UM Research Improves Temperature Modeling Across Mountainous Landscapes

The work was published Aug. 12 in the International Journal of Climatology in an article titled “Creating a topoclimatic daily air temperature dataset for the conterminous United States using homogenized station data and remotely sensed land skin temperature.”

Collaborating with UM faculty co-authors Ashley Ballantyne, Kelsey Jencso, Michael Sweet and Steve Running, Oyler provided a new climate dataset for ecological and hydrological research and natural resource management.

“I think we have addressed several limitations of existing temperature datasets,” Oyler said.

He used data from weather stations, as well as atmospheric weather model data and satellite-based observations, to come up with daily temperature estimates from 1948 to 2012 for every square kilometer in the contiguous United States.

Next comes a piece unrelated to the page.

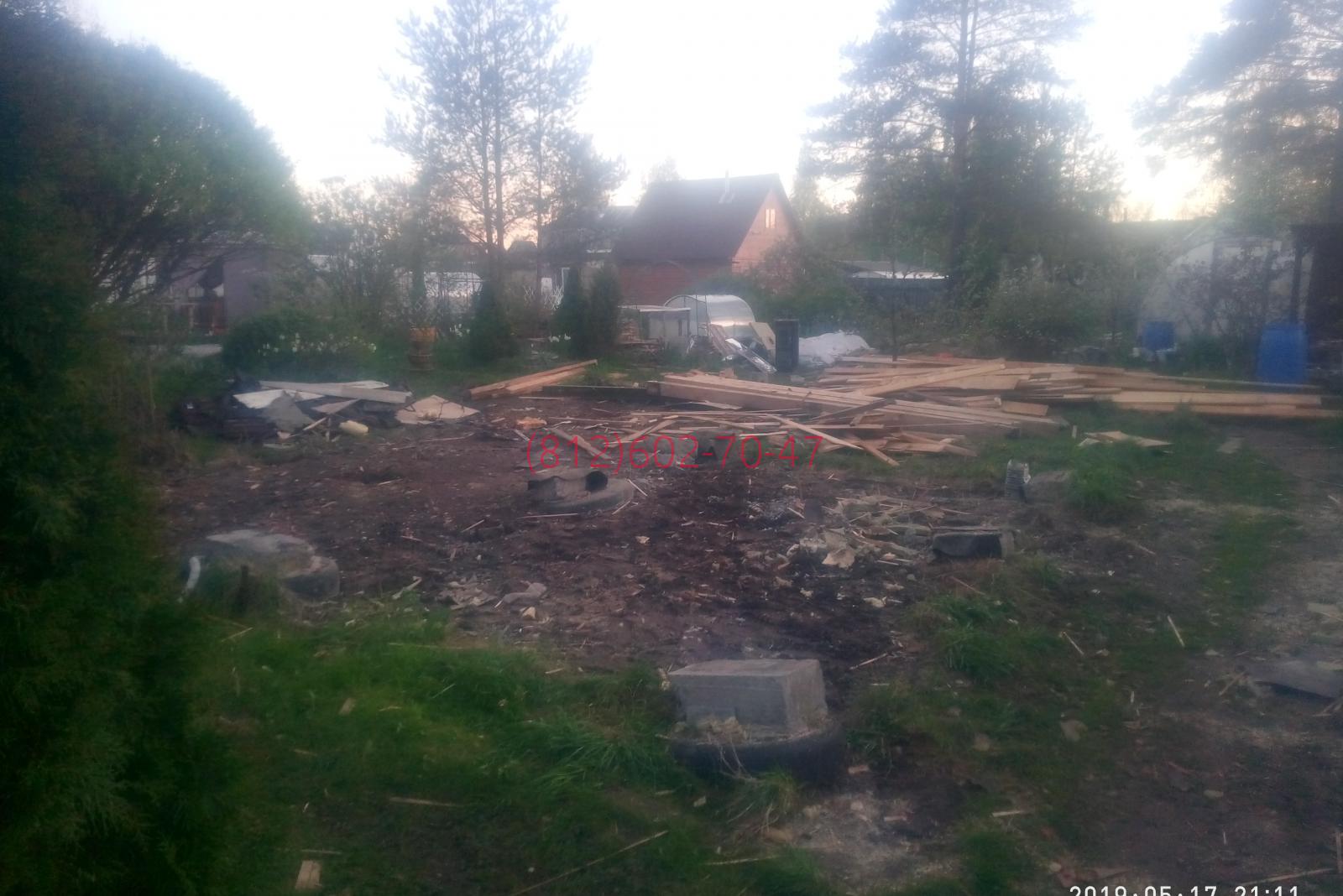 2019-04-12 Снесли щитовой дачный домик в садоводстве Кировец-2, под Гатчиной, с вывозом мусора на полигон.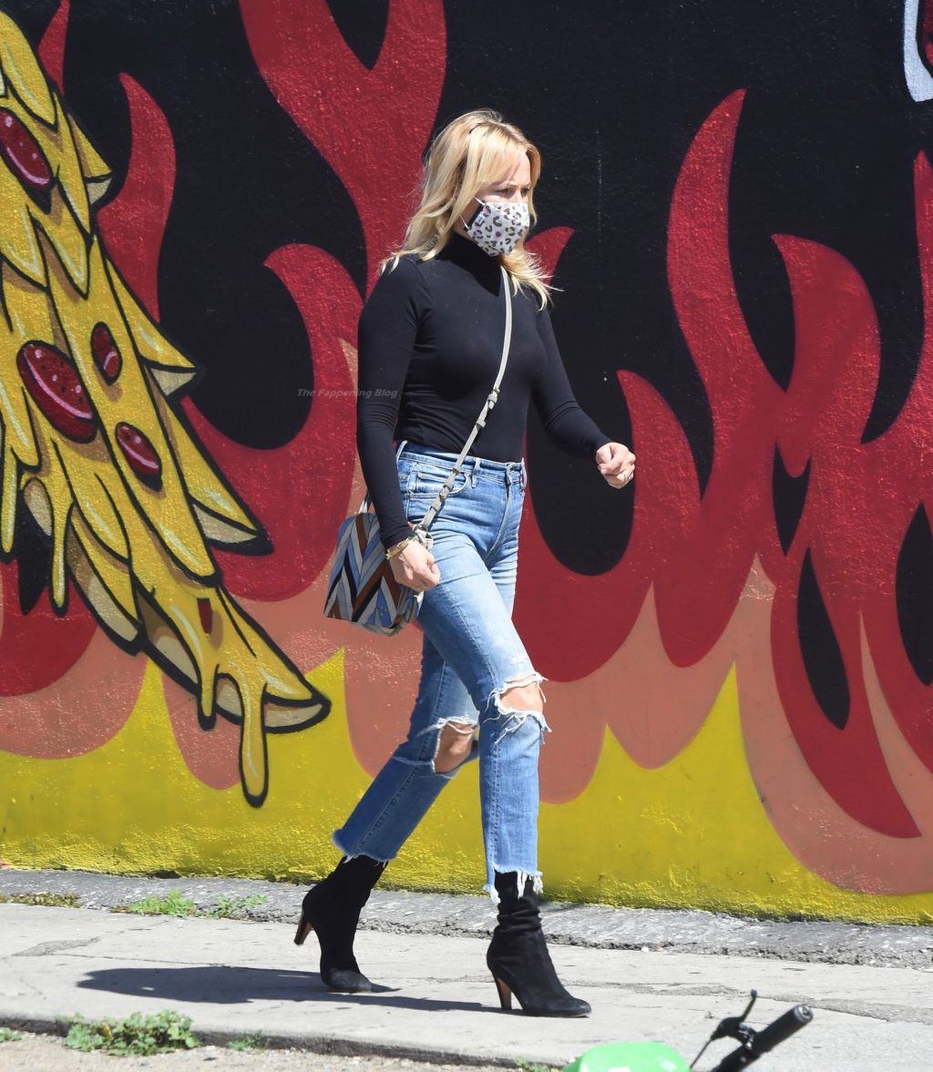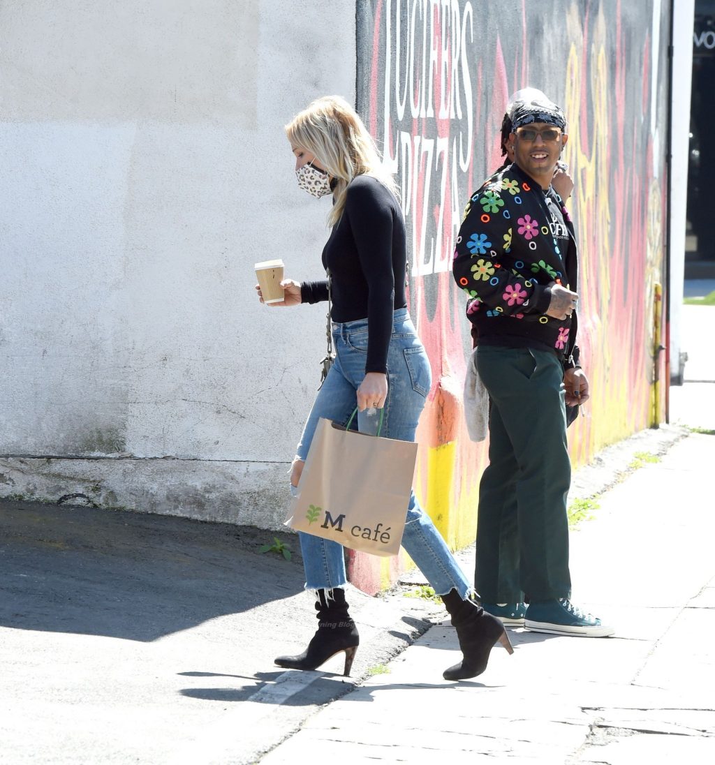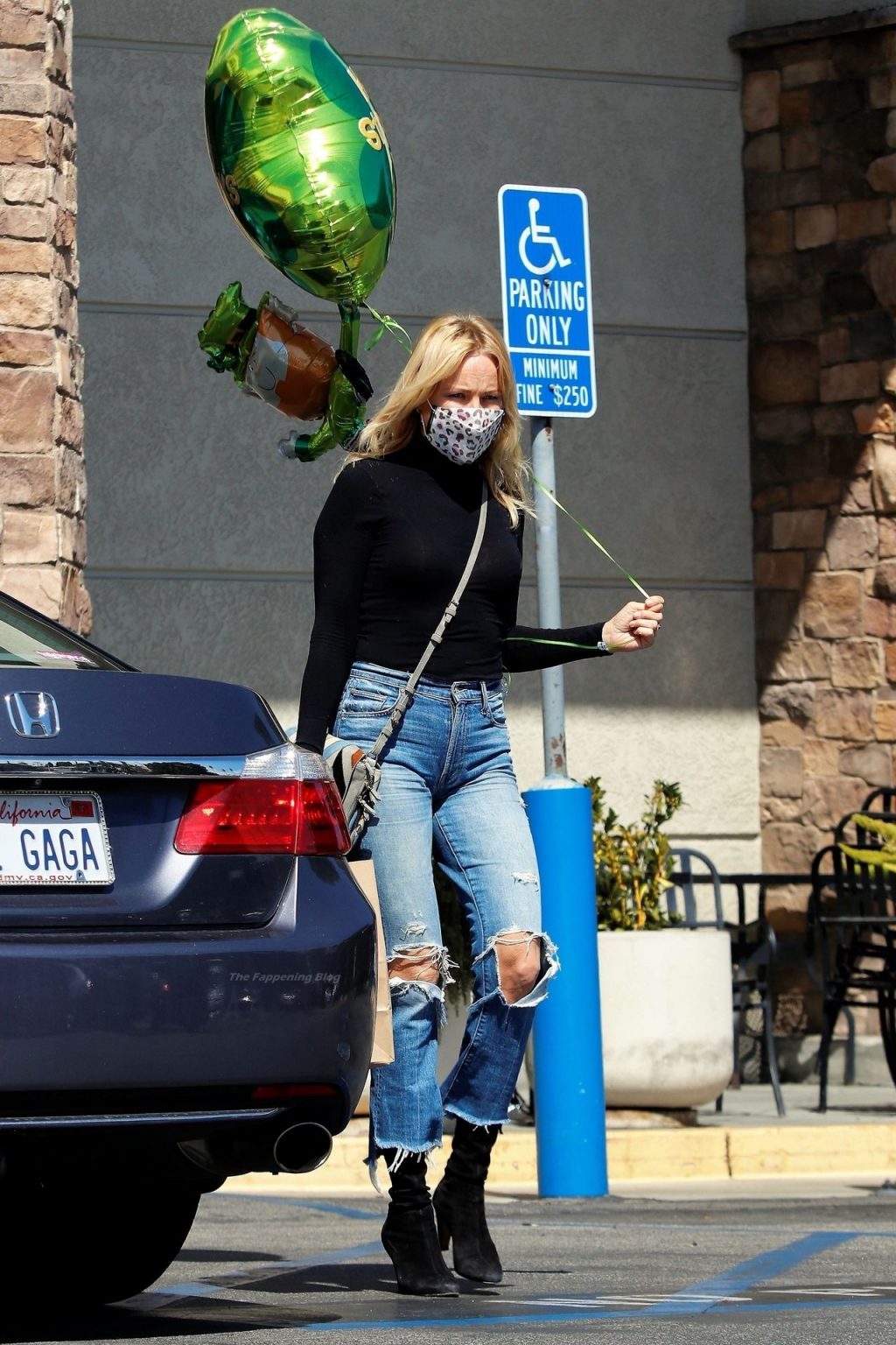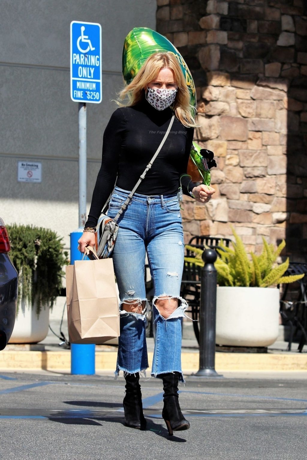 Malin Akerman sale de un mercado de Los Ángeles con grandes globos verdes en celebración del Día de San Patricio, 17/03/2021.

Many existing datasets generally assume that temperatures are cooler at higher elevations. However, inversions often cause the reverse. For example, on a calm winter day or summer night in Missoula, the air may be warmer on Mount Sentinel than in the valley. Oyler’s dataset addresses the oddities of inversions by combining weather station data with fine scale satellite-based observations of the land surface.

Accurate, spatially based estimates of historical air temperature within mountainous areas are critical as scientists and land managers look at temperature-driven changes to vegetation, wildlife habitat, wildfire and snowpack.

Additionally, the dataset is the first fine-scale work to correct for artificial trends within weather station data caused by changes in equipment or weather station locations. It also is the first to provide direct estimates of uncertainty and to provide open-source code.

“As an open-source dataset, researchers can easily access and use the data and understand its strengths and limitations and improve it themselves,” Oyler said.

The research was funded by the U.S. Geological Survey North Central Climate Science Center and the National Science Foundation’s Experimental Program to Stimulate Competitive Research.